The nth term of the arithmetic progression is given by \(a_n = \frac{1}{2}(3n - 15)\).

For the first term \(n = 1\), \(a_1 = \frac{1}{2}(3 \times 1 - 15) = -6\).

For the second term \(n = 2\), \(a_2 = \frac{1}{2}(3 \times 2 - 15) = -4.5\).

The first term \(a = -6\) and the common difference \(d = -4.5 - (-6) = 1.5\).

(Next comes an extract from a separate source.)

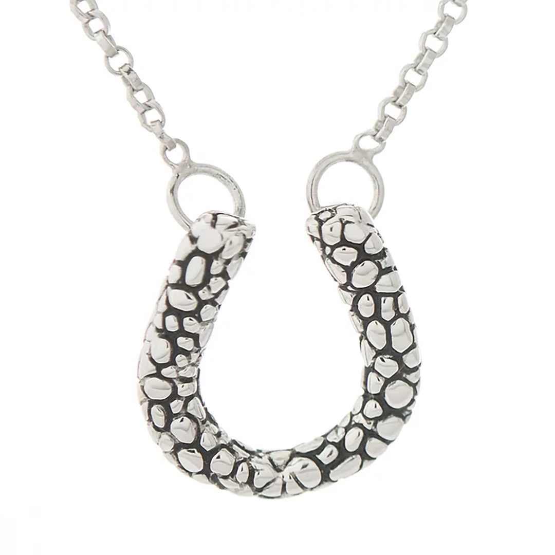 Sterling silver textured horseshoe pendant on chain. Made in USA.

The sum of the first n terms \(S_n\) of an arithmetic progression is given by:

\(S_n = \frac{n}{2} (2a + (n-1)d)\)

Substitute \(S_n = 84\), \(a = -6\), and \(d = 1.5\):

\(84 = \frac{n}{2} (2(-6) + (n-1)1.5)\)

\(84 = \frac{n}{2} (-12 + 1.5n - 1.5)\)

\(84 = \frac{n}{2} (1.5n - 13.5)\)

\(168 = n(1.5n - 13.5)\)

\(168 = 1.5n^2 - 13.5n\)

\(1.5n^2 - 13.5n - 168 = 0\)

Divide the entire equation by 1.5:

\(n^2 - 9n - 112 = 0\)

Using the quadratic formula \(n = \frac{-b \pm \sqrt{b^2 - 4ac}}{2a}\), where \(a = 1\), \(b = -9\), \(c = -112\):

\(n = \frac{-(-9) \pm \sqrt{(-9)^2 - 4 \times 1 \times (-112)}}{2 \times 1}\)

\(n = \frac{9 \pm \sqrt{81 + 448}}{2}\)

\(n = \frac{9 \pm \sqrt{529}}{2}\)

\(n = \frac{9 \pm 23}{2}\)

\(n = 16\) or \(n = -7\)

Since n must be positive, \(n = 16\).